[Opening EXCERPTED DATA section]

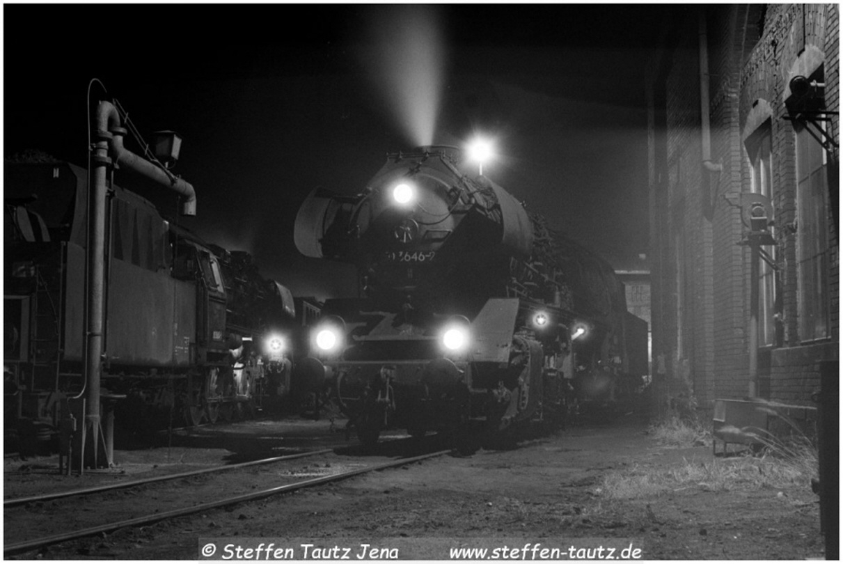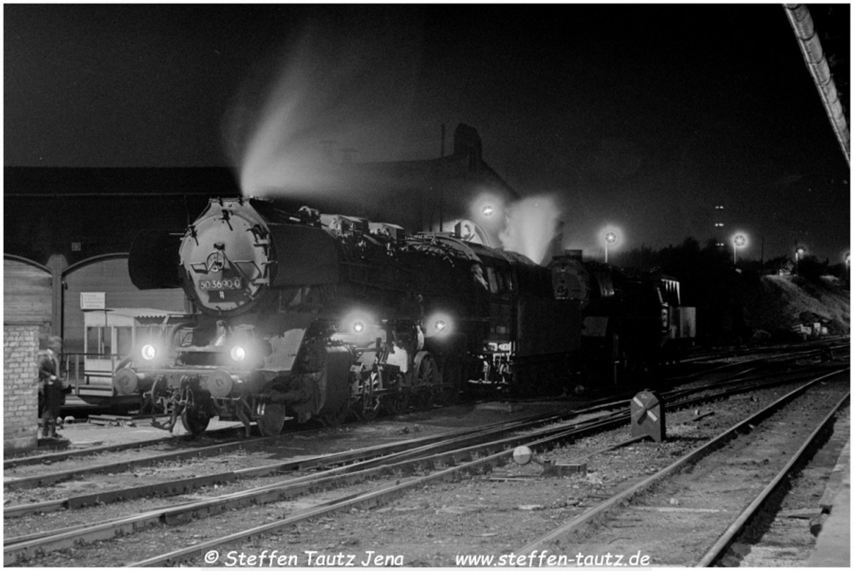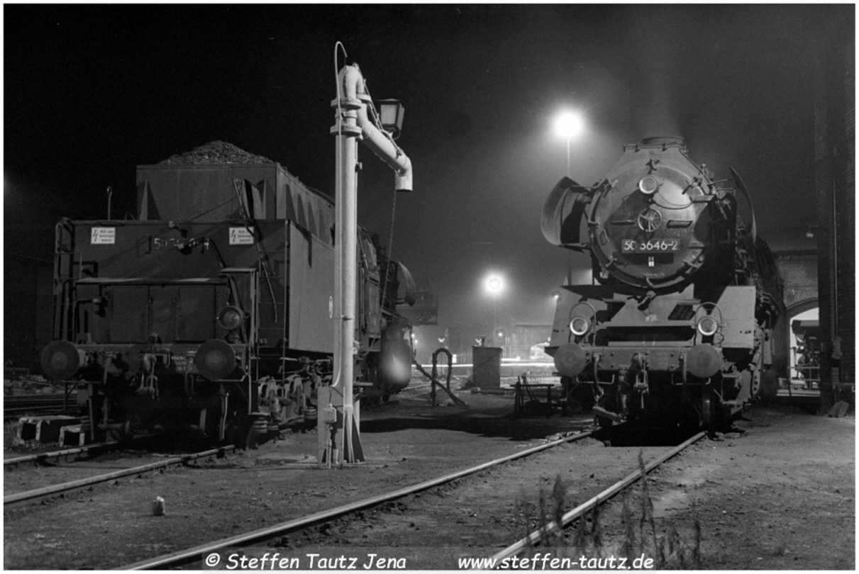 Die Auer 50 3646 macht Nachtpause im Bw Hilbersdorf 50 3650 mit rückgebauten Öl Tender heizt im Bw Aug 86
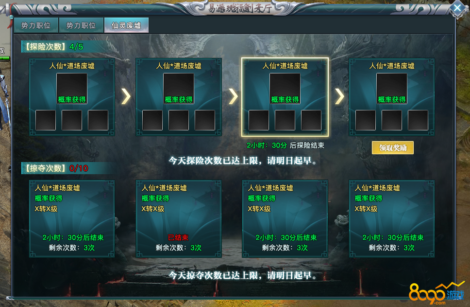每次探险有一次免费刷新次数,几率提升探险的道场等级
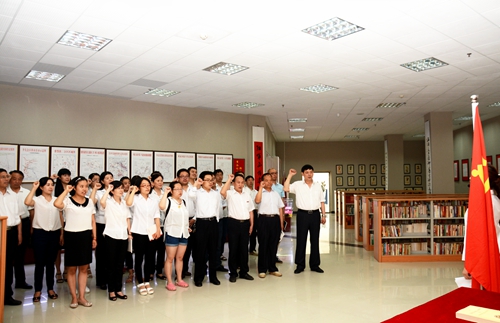 在鮮艷的黨旗下,全體黨員莊嚴地重溫了入黨誓詞。
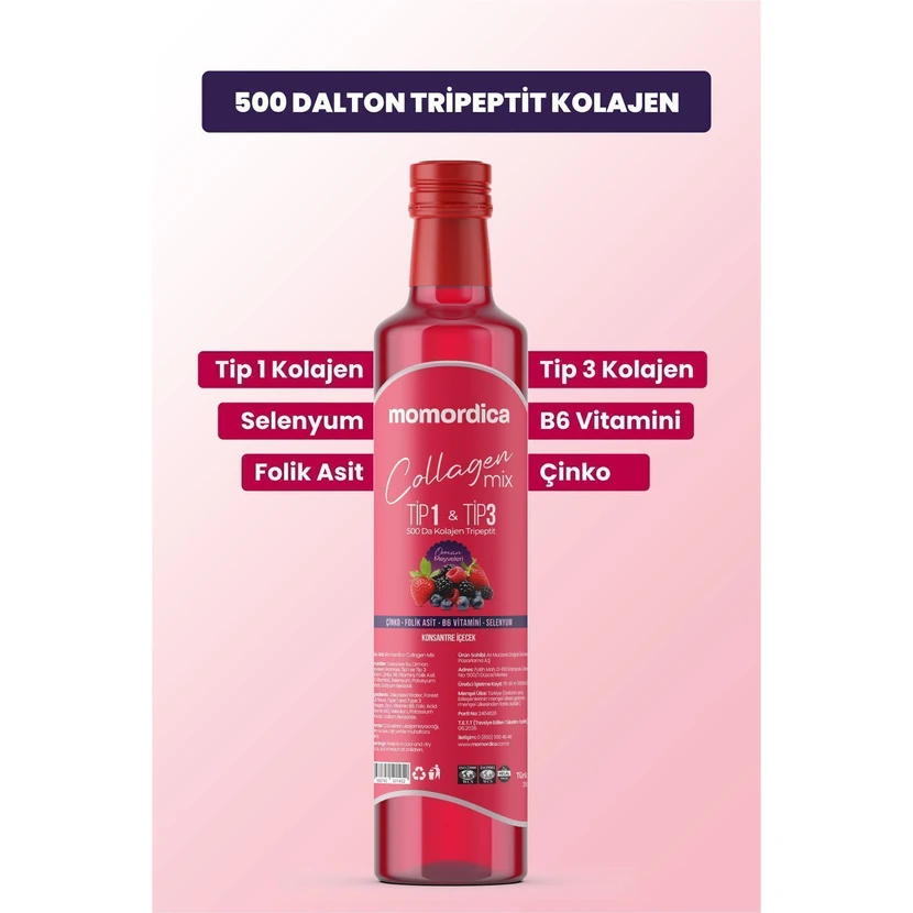 - کلاژن میکس تریپپتید ۵۰۰ دالتون موموردیکا با ترکیب کلاژن تیپ ۱ و ۳ و همراهی سلنیوم، اسید فولیک، روی و ویتامین ب۶، راهکاری کارآمد برای پشتیبانی روزانه از زیبایی و تندرستی است. فرمول تریپپتید ۵۰۰ دالتون به جذب مؤثر کمک کرده و استفاده مداوم آن میتواند به بهبود کیفیت پوست، مو و ناخن و همچنین مراقبت از بافتهای همبند کمک کند.
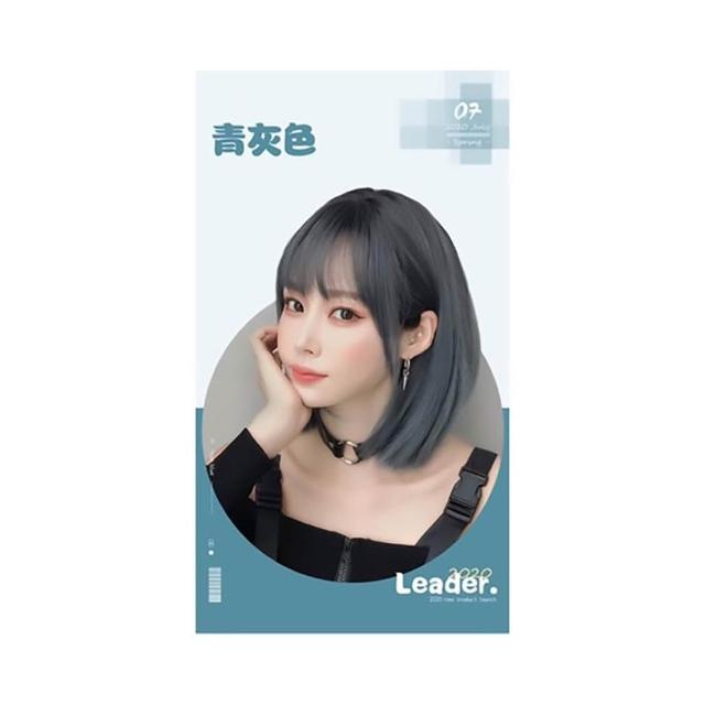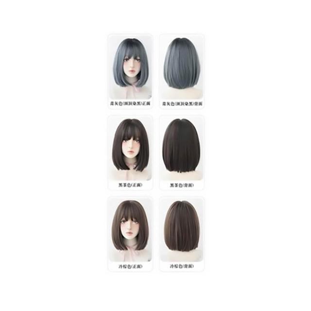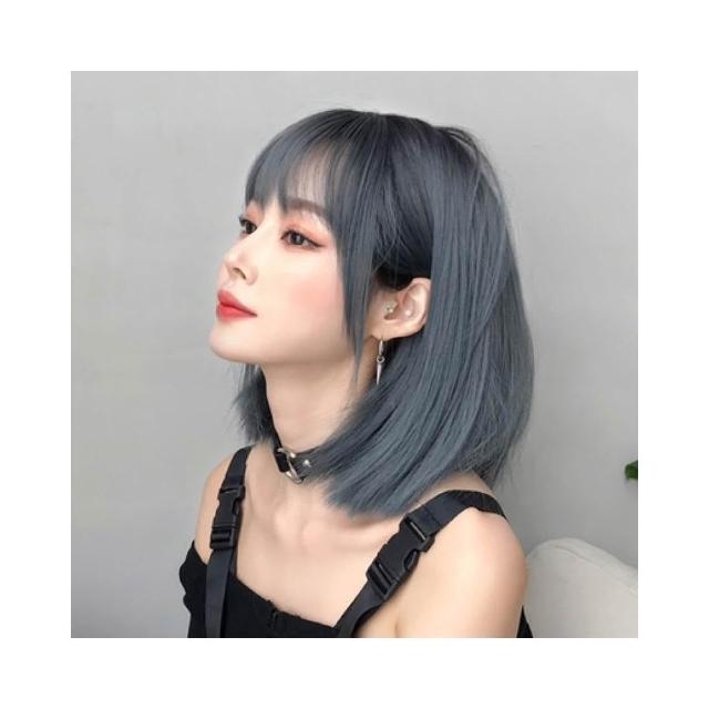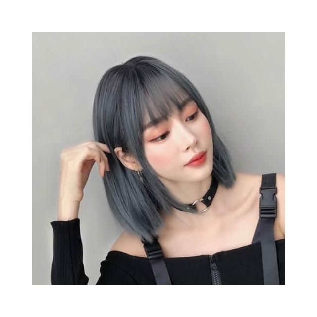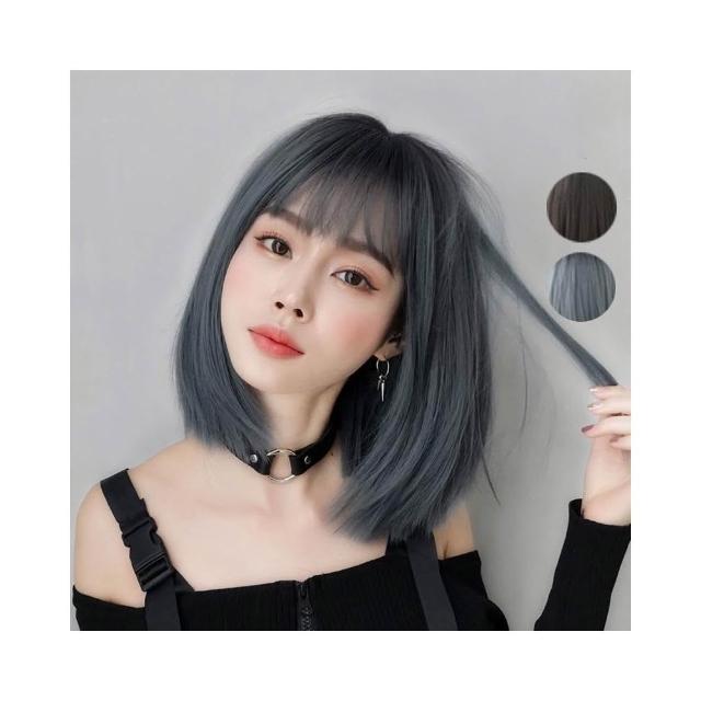 青灰色/黑茶色 韓國新品漸變色挑染整頂式假髮女 空氣劉海短直假髮女 全頂假髮3111 509 B I

[Closing EXCERPTED DATA section]

### TASK BRIEF
Omit the pictures. Output every record above word for word.

### ANSWER BOX
 Die Auer 50 3646 macht Nachtpause im Bw Hilbersdorf 50 3650 mit rückgebauten Öl Tender heizt im Bw Aug 86
每次探险有一次免费刷新次数,几率提升探险的道场等级
 在鮮艷的黨旗下,全體黨員莊嚴地重溫了入黨誓詞。
 - کلاژن میکس تریپپتید ۵۰۰ دالتون موموردیکا با ترکیب کلاژن تیپ ۱ و ۳ و همراهی سلنیوم، اسید فولیک، روی و ویتامین ب۶، راهکاری کارآمد برای پشتیبانی روزانه از زیبایی و تندرستی است. فرمول تریپپتید ۵۰۰ دالتون به جذب مؤثر کمک کرده و استفاده مداوم آن میتواند به بهبود کیفیت پوست، مو و ناخن و همچنین مراقبت از بافتهای همبند کمک کند.
 青灰色/黑茶色 韓國新品漸變色挑染整頂式假髮女 空氣劉海短直假髮女 全頂假髮3111 509 B I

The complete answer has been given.